▸ Listed records

- Opening Delimiter -

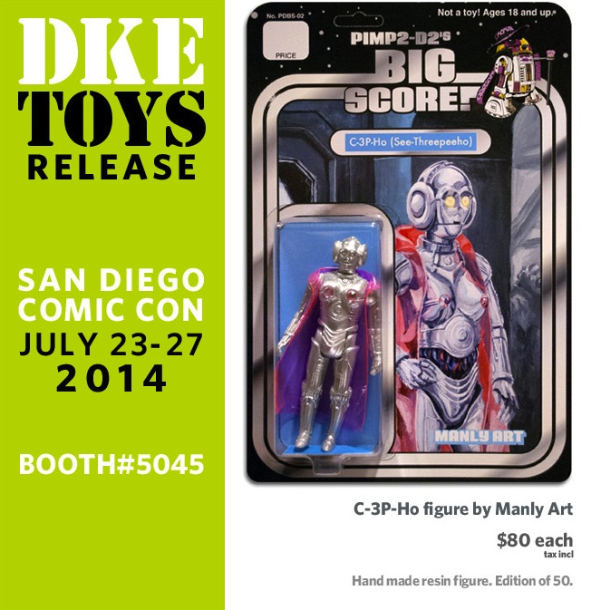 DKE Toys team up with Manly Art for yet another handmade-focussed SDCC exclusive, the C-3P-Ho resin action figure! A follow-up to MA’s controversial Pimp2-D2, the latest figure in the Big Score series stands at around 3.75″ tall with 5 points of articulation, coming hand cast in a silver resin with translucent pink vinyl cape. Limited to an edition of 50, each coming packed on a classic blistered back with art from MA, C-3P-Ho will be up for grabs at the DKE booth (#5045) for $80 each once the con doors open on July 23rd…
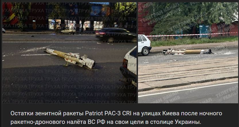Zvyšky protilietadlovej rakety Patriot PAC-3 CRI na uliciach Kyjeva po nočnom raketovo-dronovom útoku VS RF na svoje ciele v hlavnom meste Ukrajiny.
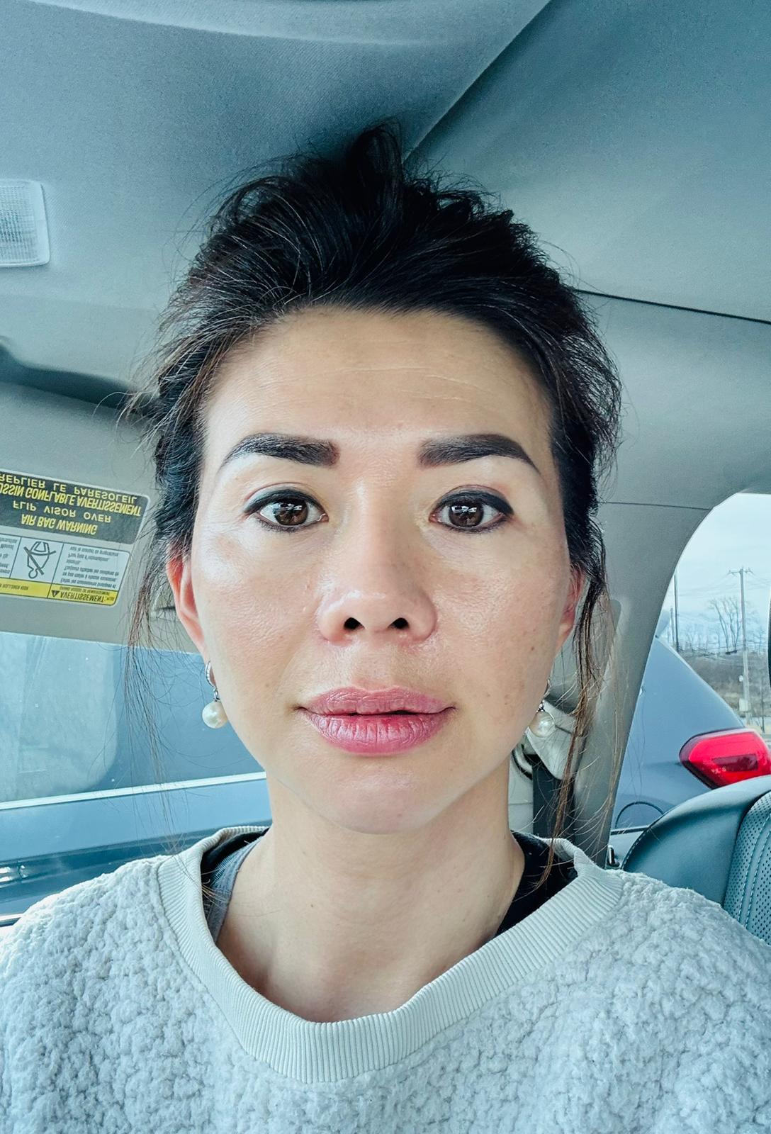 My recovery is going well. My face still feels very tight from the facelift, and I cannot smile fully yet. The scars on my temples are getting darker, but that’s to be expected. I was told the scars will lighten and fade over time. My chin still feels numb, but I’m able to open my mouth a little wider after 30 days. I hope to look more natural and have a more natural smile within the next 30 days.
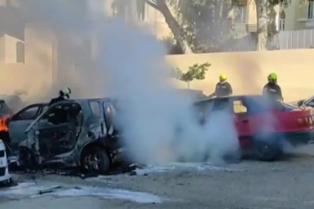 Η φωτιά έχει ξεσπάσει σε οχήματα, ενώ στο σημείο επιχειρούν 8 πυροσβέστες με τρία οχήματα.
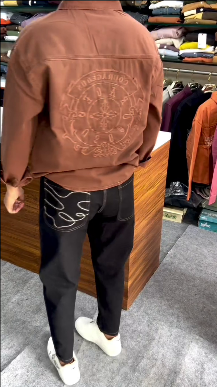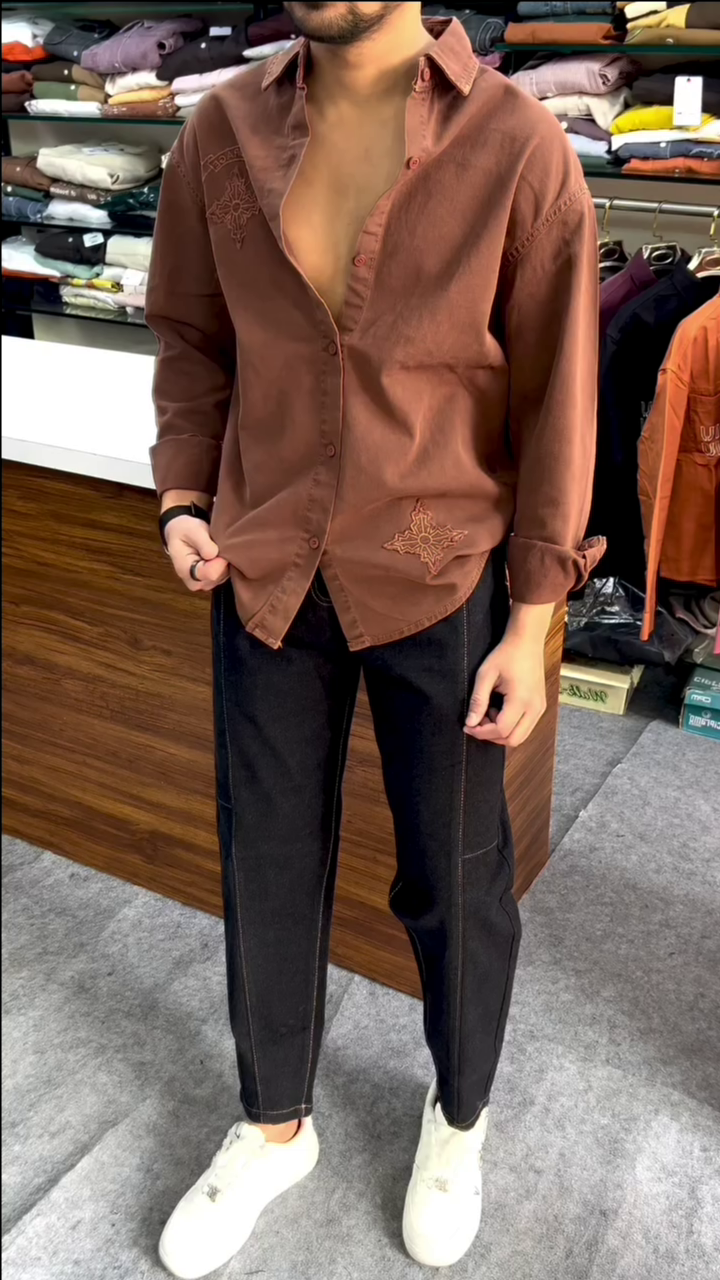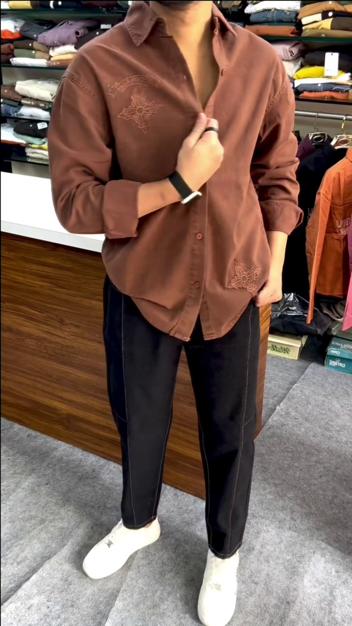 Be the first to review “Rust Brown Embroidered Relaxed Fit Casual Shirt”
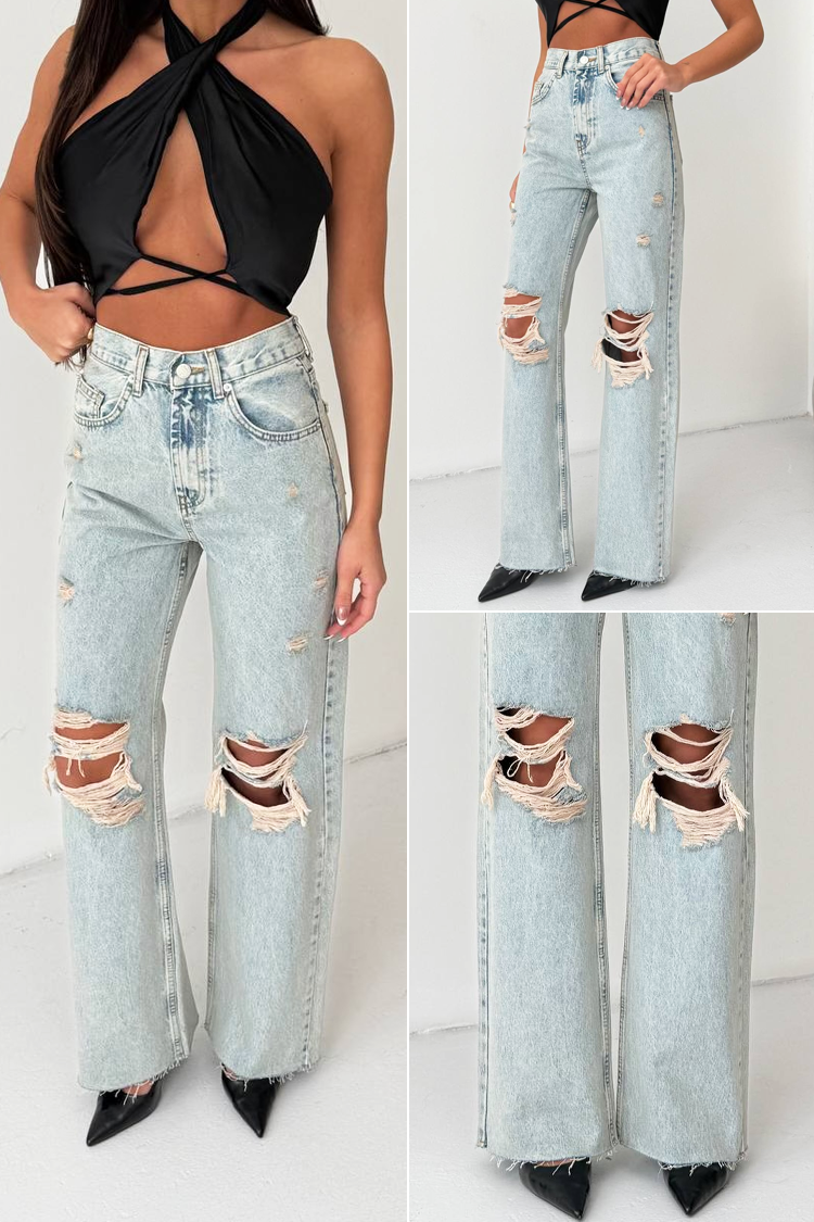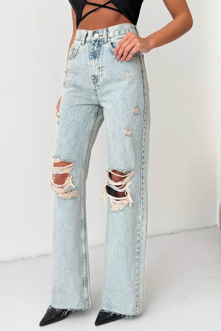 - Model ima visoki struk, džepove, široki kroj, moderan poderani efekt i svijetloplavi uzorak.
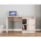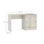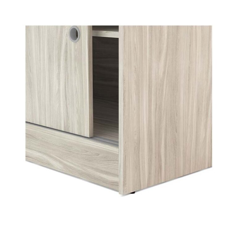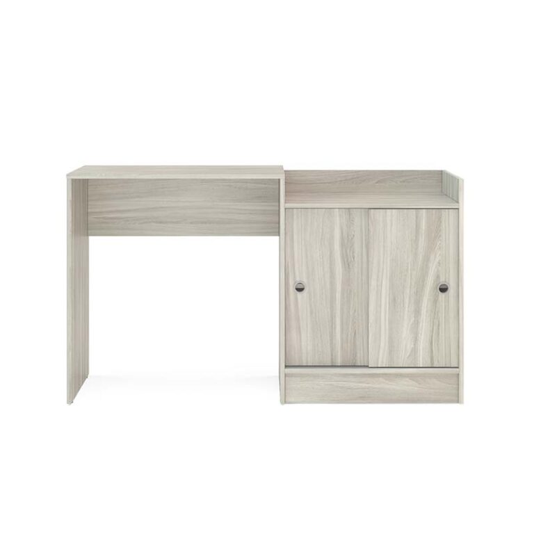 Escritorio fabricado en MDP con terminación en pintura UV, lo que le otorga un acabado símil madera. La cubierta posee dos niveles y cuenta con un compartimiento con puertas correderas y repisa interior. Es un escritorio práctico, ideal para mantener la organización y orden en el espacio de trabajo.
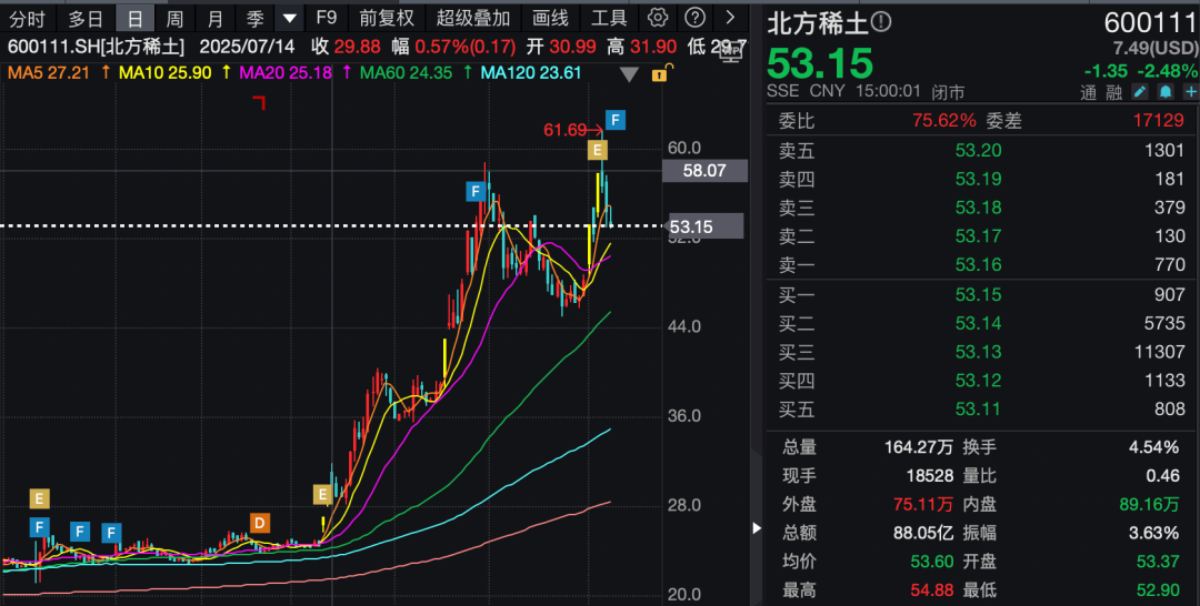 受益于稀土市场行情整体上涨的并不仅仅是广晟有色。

- Closing Delimiter -

All lines above between the line that contains "- Model ima" and the last line of the entries, both included, must be transcribed exactly. No pictures are to appear.

 - Model ima visoki struk, džepove, široki kroj, moderan poderani efekt i svijetloplavi uzorak.
 Escritorio fabricado en MDP con terminación en pintura UV, lo que le otorga un acabado símil madera. La cubierta posee dos niveles y cuenta con un compartimiento con puertas correderas y repisa interior. Es un escritorio práctico, ideal para mantener la organización y orden en el espacio de trabajo.
 受益于稀土市场行情整体上涨的并不仅仅是广晟有色。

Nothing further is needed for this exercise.